The Tea Party is hell bent on destroying our country and they don't even know it. Unfortunately, they would take the rest of us down to a primitive society with them.
If the ranters get lower taxes (or no taxes)and no regulation on industry our standard of living would plummet like a rock. There would be no testing of our food and water, the infrastructure would crumble, private schools that no one can afford would replace public education, health insurance would be unaffordable, fire houses would close, etc., etc. The ignorant that brought this about would discover that this is a really terrible country to live in.
Ironically, the big corporations and the wealthy would control everything and would be able to run roughshod over the rest of us.

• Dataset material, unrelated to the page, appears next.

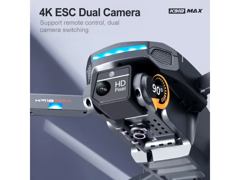 Този Сгъваем Дрон 4K K918 MAX предлага впечатляваща комбинация от функционалности и усъвършенствания.Спецификации:Модел: K918 MAXЦвят: СивМатериали: Пластмаса, метал, електронни компонентиЧестота: 2.4GКанал: 4CHЖироскоп: 6-осенМотор: БезчетковБатерия на Дрона: 7.4V 3000mAh Lipo (включена)Време за Зареждане: Около 120 минутиВреме за Полет: Около 25-35 минутиR/C Разстояние: Около 1500мБатерия на Дистанционното Управление: Вградена 3.7V 300mAh Lipo БатерияВреме за Използване на Дистанционното Управление: Около 10 часаКамера: 4K ESC HD + 1080P Основна КамераЗрителен ъгъл: 120° Широк ЪгълДиректна връзка в реално време : 5G WiFiFPV Разстояние: Около 1200мМаксимален Размер на Мобилния Телефон: 5.5 инчаРазмер на Дрона: 8.5x15x8cm (сгъваем), 30.5x26x8cm (несгъваем)Характеристики:Сгъваем Дизайн: Портативен и лесен за носене.4D Инфрачервено Избягване на Препятствия: Осигурява по-безопасен полет.4K ESC Камера: 50x увеличение, поддържа 90° дистанционно управление на ъгъла за по-широки снимки.3-осен Самостабилизиращ се механизъм: Поддържа стабилен баланс по време на полет, осигуряващ по-ясна въздушна фотография.GPS Позициониране: Осигурява по-точен полет.Летене с Фиксирана Точка чрез Оптичен Поток: Стабилен полет.5G WiFi FPV: Реално време предаване на изображението през камерата на телефона.Съраунд Действие: Дронът лети в кръг, предоставяйки уникални снимки.Режим на Полет на Точка: Просто нарисувайте маршрут на екрана и дронът ще го следва.7.4V 3000mAh Батерия: Полет до 25 минути. Технология за Защита срещу Смущения: По-стабилно предаване на данни.4 Канала: Възможности за изкачване, спускане, напред, назад, наляво, надясно.6-осен жироскоп: По-стабилен полет и лесно управление.3 Нива на Скорост на Полета: По-забавно летене.        Дронът разполага с обширен набор от функции, което го прави изключително гъвкав и удобен за ползване:Функции:Нагоре/Надолу: Регулиране на височината на полета.Напред/Назад: Преместване напред и назад във въздуха.Завой Наляво/Надясно: Завиване в ляво или вдясно по хоризонтала.Страничен Полет: Преместване в странична посока.3-степенна Скорост на Полета: Регулиране на скоростта за различни сцени и изживявания.LED Светлини: Предоставят визуални указания за полета, особено полезни при полети в тъмни условия.Комплекта включва:1бр. K918 MAX Дрон1бр. Дистанционно Управление1бр. 7.4V Lipo Батерия1бр. USB Кабел за Зареждане2бр. Резервни Остриета1бр. Отвертка1бр. Ръководство за Потребителя1бр. Чанта за Съхранение
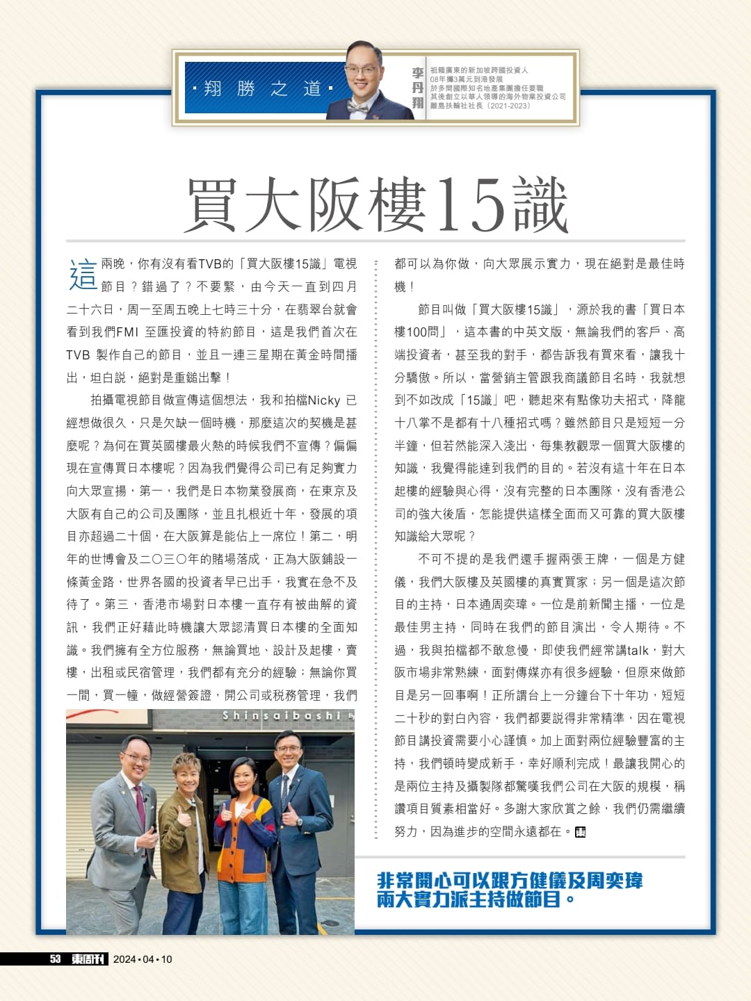 這兩晚,你有沒有看TVB的「買大阪樓15識」電視節目?錯過了?不要緊,由今天一直到四月二十六日,周一至周五晚上七時三十分,在 翡翠台就會看到我們FMI 至匯投資的特約節目,這是我們首次在TVB 製作自己的節目,並且一連三星期在黃金時間播出,坦白說,絕對是重搥出擊!

In the end, they would suffer, too, because the populace would have no money to buy their goods and they would be unable to move their merchandise. The people would have no money to invest, so Wall Street would eventually feel the pain.

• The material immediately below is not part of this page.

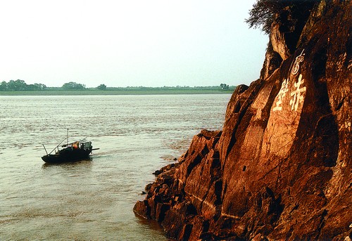 文赤壁·武赤壁 湖北有文武赤壁之说,文赤壁位于黄州,是因苏东坡在此吟颂了千古绝唱《念奴娇·赤壁怀古》而著名;武赤壁位于赤壁市(原蒲圻市),是三国时期著名的赤壁大战的遗址。文赤壁地处古城黄州西北汉川门外,玉屏山、龙王山、聚宝山紧护其东北,长江环绕其西南。由于北宋著名文学家苏轼于此写了传颂千古的前后《赤壁赋》,而命名为"东坡赤壁"或"文赤壁"。这里的风景名胜令游人赞叹不已,其珍贵之处是那琳琅满目的历代骚人墨客留下的书画碑刻。苏东坡的《景苏园帖》碑刻,其字如江河流泻,是苏轼书法作品中不可多得的珍品,被人称为"国中之宝",书法评论家认为可与王羲之的《兰亭序》、颜真卿的《祭稿》相媲美,被世人推崇为"天下第三行书"。苏轼嵌于坡仙亭内的草书《念奴娇·赤壁怀古》,其字笔势苍劲,如暴风骤雨,飞动圆转,与其词章的豪放风格,相得益彰。碑阁内还有苏轼手书的《赤壁赋》石刻,历代书法鉴赏家对此评价极高。这里保留有苏轼的画作两幅:一为《月梅》,一为《寿星》,均嵌刻于坡仙亭内。《月梅》画面,由半镰新月和一枝老梅组成,老梅虬枝苍劲,嫩枝秀逸,花蕊初吐,于清凄中露出一缕新机。《寿星》画面,以"德、寿、殿、宝"四字组成,作于北宋绍圣二年(1095年)四月,据说是我国迄今所见的最早的一幅人物漫画。黄州赤壁除苏轼书画碑刻之外,明代郭凤仪于嘉靖年间所画的《东坡老梅》,也极为珍贵。武赤壁位于赤壁市西北36公里的长江南岸,隔江与乌林相望。陆水由其东注入长江。武赤壁是著名的古战场,东汉建安十三年(208年),刘备与孙权联合,大破曹操于此,这就是历史上有名的赤壁之战。赤壁遗址是由三座小山组成,即赤壁山、南屏山和金鸾山。这三座小山起伏相连苍翠如海,再加上亭台楼阁错落地隐现于其间,景色益显秀美。其主要景点有赤壁摩崖、拜风台、凤雏庵和翼江亭等。赤壁山的西南临江处,岩斜亘300余米,怪石嶙峋,汹涌的江水直扑断崖,卷起千堆雪,声如巨雷。文人骚客来此凭吊者,自古不绝,故留下众多书法。赤壁矶头的断崖上刻有"赤壁"两个楷书大字,二字的近旁,还有诸葛亮、刘备、关羽和张飞的画像石刻。南屏山顶的拜风台,传为诸葛亮祭东风时的七星台遗址。金鸾山腰的凤雏庵,相传庞统曾隐居于此。原庵早废,今庵乃清道光二十六年(1846年)重建,青砖黑瓦,古朴典雅。庵内主室所供奉的庞统塑像,庄严刚毅,有凛然不可侵犯的气概。庵四面苍苔布绿,曲径藏幽,古树垂荫,百鸟飞鸣,真有"鸟鸣山更幽"的意境。赤壁山顶的翼江亭,传为诸葛亮、周瑜在赤壁之战时观望曹营的遗址。亭为后人所建。

Lawlessness would flourish because when men are desperate they take desperate measures.
The scenario is so ugly I cannot fathom why the protesters who want to eliminate most government services cannot see what they are doing. It is depressing.
Posted by: Darlene | Saturday, 18 September 2010 at 06:43 AM
Thank you, Saul, for another reasoned piece. As a young adult in the 60's-70's the rhetoric from the right seems familiar to me but what is missing is the balance from the left. We've been pulled so far that up is down and right is left. I feel that I've fallen through the rabbit hole sometimes!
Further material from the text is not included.